-------- Data section
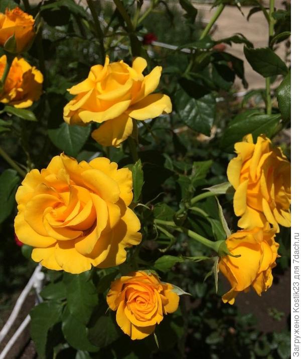 Очень люблю розы таких оттенков — оранжевых и желтых. В этом году купила у Татьяны Максимовской розы -спрей, желтые и оранжевые. Саженцы с ОКС. Дошли хорошо, но как на грех погода подвела. После потепления, вдруг минусовая температура. В общем, пришлось высадку отложить на неделю. Дома при плюсовой температуре за неделю саженцы стали медленно, но верно загибаться. В общем, к моменту высадки они были не в самом лучшем состоянии. Чуть живые. Пришлось побеги у двух роз обрезать по самое не хочу. Перед высадкой замочила на ночь в растворе фитоспорина. Сажала и плакала, думала что половина точно не приживется. Хорошо, что в отпуск пошла, отливала водой каждый день. У нас после холодрыги сразу резко стало жарко. И каждый день смотрела, не чернеют ли побеги. Когда на них стали появляться листочки, я поняла, что все таки выходила. Все семь розочек. Теперь буду ждать цветения!
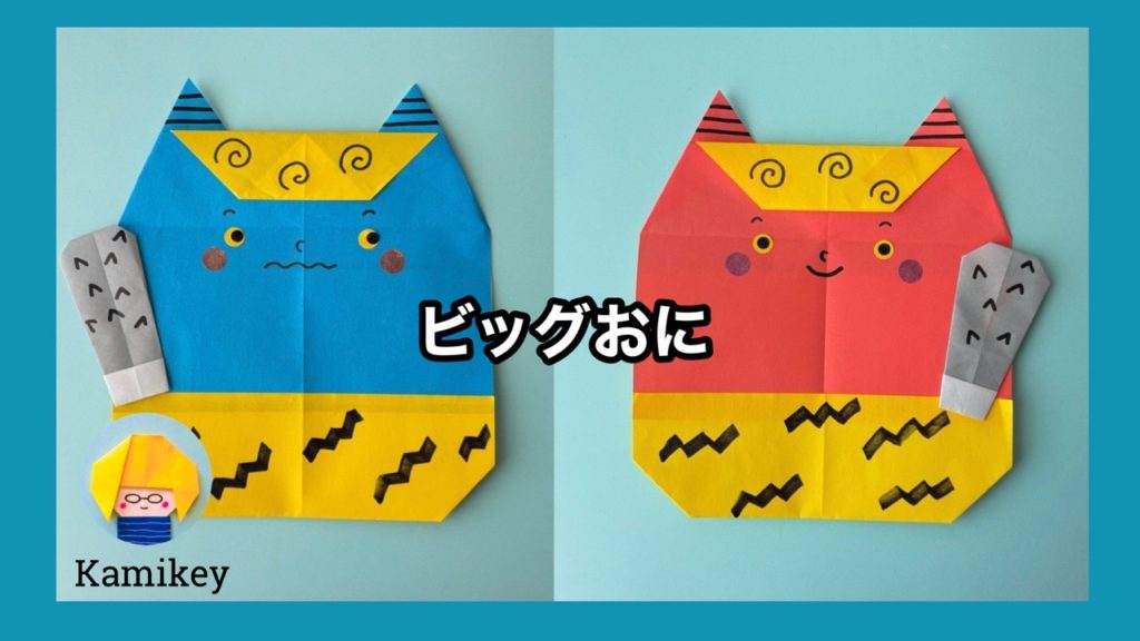 こんにちは。おりがみ作家カミキィです。今回は「ビッグおに」を使った節分の飾りを作ってみました。 15㎝× 15㎝で作ると「ビッグ」になるビッグおにですが、7.5㎝× 7.5…
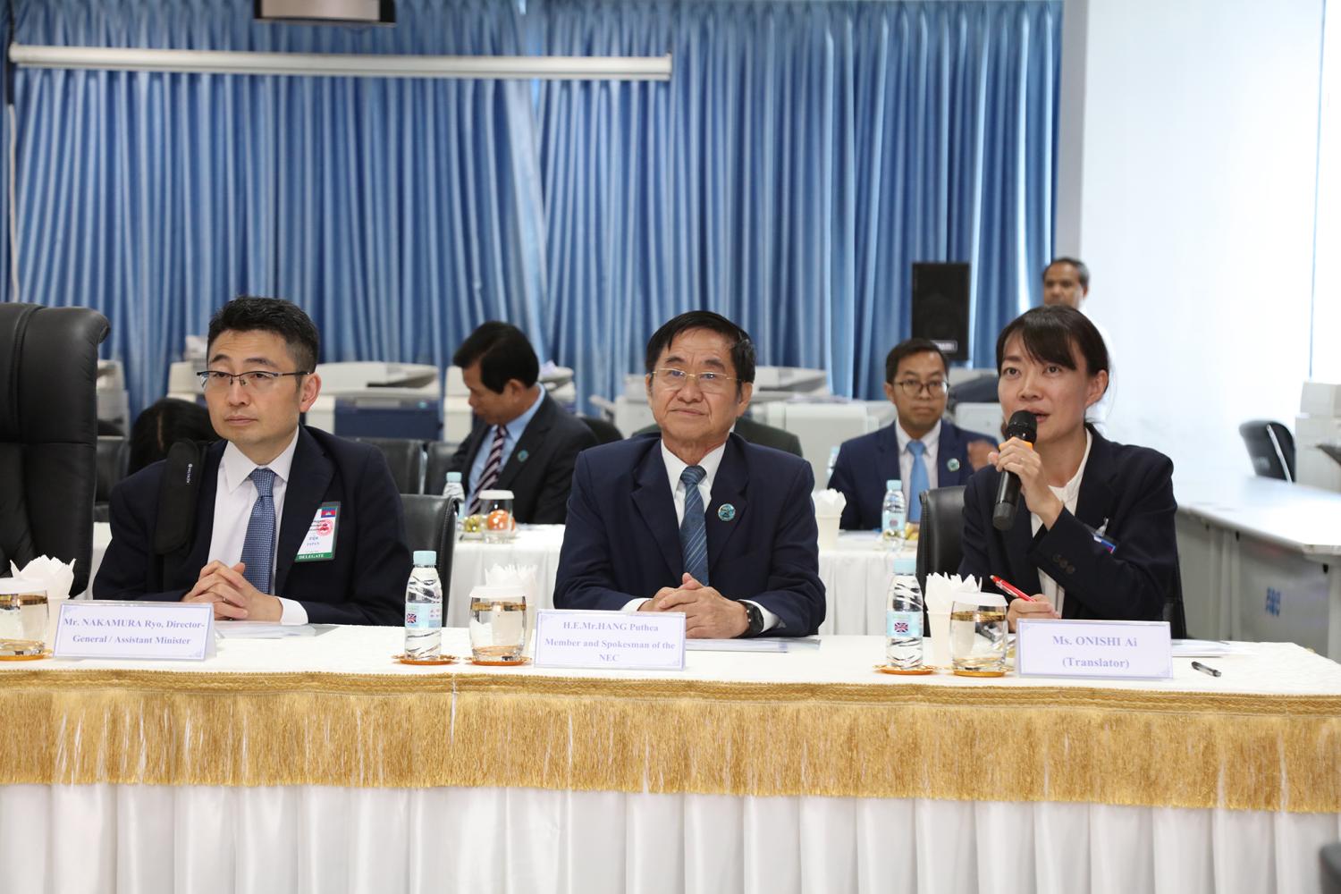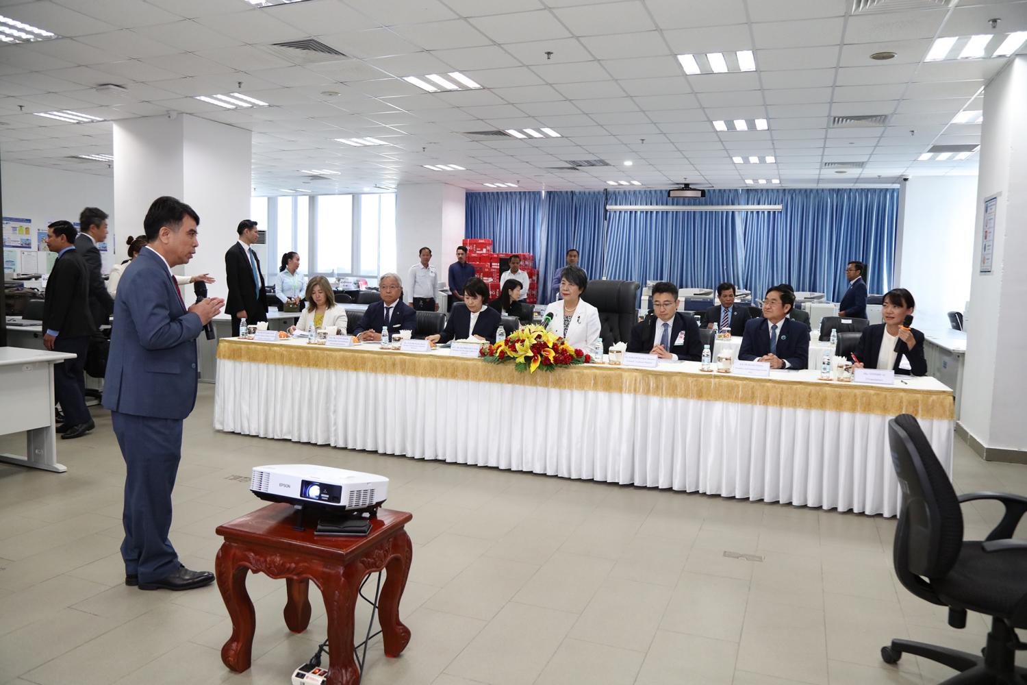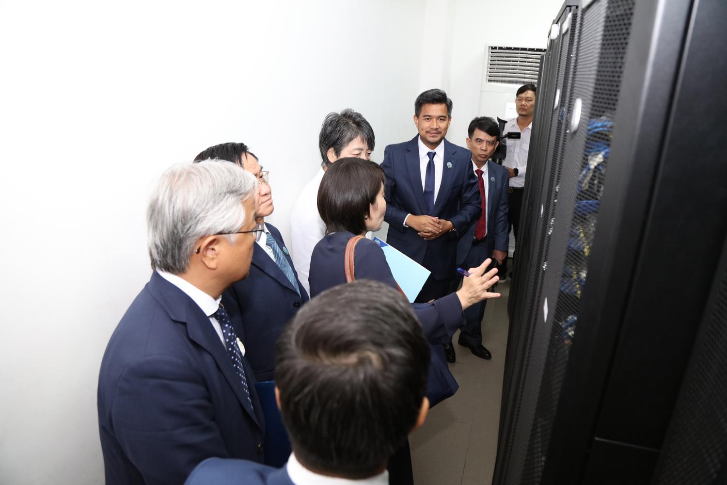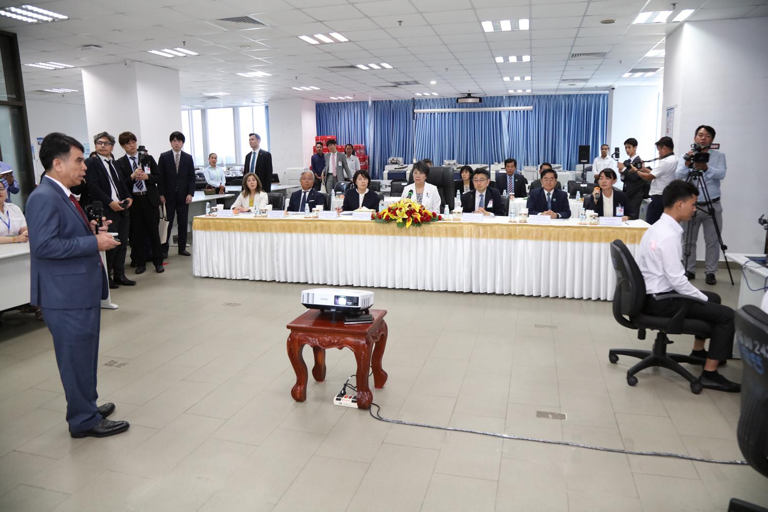 រូបភាពសកម្មភាព ឯកឧត្ដម តុប ឫទ្ធី អគ្គនាយកនៃអគ្គនាយកដ្ឋានសេវាកម្មច្បាប់ និងបច្ចេកទេស បានបង្ហាញអំពីម៉ាស៊ីនមេ (Server) និងធ្វើបទបង្ហាញអំពីការចុះឈ្មោះបោះឆ្នោតនៅកម្ពុជា ជូនដល់លោកជំទាវ ខាមីខាវ៉ា យ៉ូកុ (KAMIKAWA Yoko) រដ្ឋមន្ត្រីក្រសួងការបរទេសជប៉ុន និងសហការី នារសៀលថ្ងៃទី៦ ខែកក្កដា ឆ្នាំ២០២៤ នៅទីស្ដីការ គ.ជ.ប
----------------
[Your instructions]
With pictures left out, print the lines of the material above from the line containing "15㎝× 15㎝で作ると「ビッグ」になるビッグおにですが、7.5㎝× 7.5…" through its last line, exactly and nothing more.

[Exercise result]
 こんにちは。おりがみ作家カミキィです。今回は「ビッグおに」を使った節分の飾りを作ってみました。 15㎝× 15㎝で作ると「ビッグ」になるビッグおにですが、7.5㎝× 7.5…
 រូបភាពសកម្មភាព ឯកឧត្ដម តុប ឫទ្ធី អគ្គនាយកនៃអគ្គនាយកដ្ឋានសេវាកម្មច្បាប់ និងបច្ចេកទេស បានបង្ហាញអំពីម៉ាស៊ីនមេ (Server) និងធ្វើបទបង្ហាញអំពីការចុះឈ្មោះបោះឆ្នោតនៅកម្ពុជា ជូនដល់លោកជំទាវ ខាមីខាវ៉ា យ៉ូកុ (KAMIKAWA Yoko) រដ្ឋមន្ត្រីក្រសួងការបរទេសជប៉ុន និងសហការី នារសៀលថ្ងៃទី៦ ខែកក្កដា ឆ្នាំ២០២៤ នៅទីស្ដីការ គ.ជ.ប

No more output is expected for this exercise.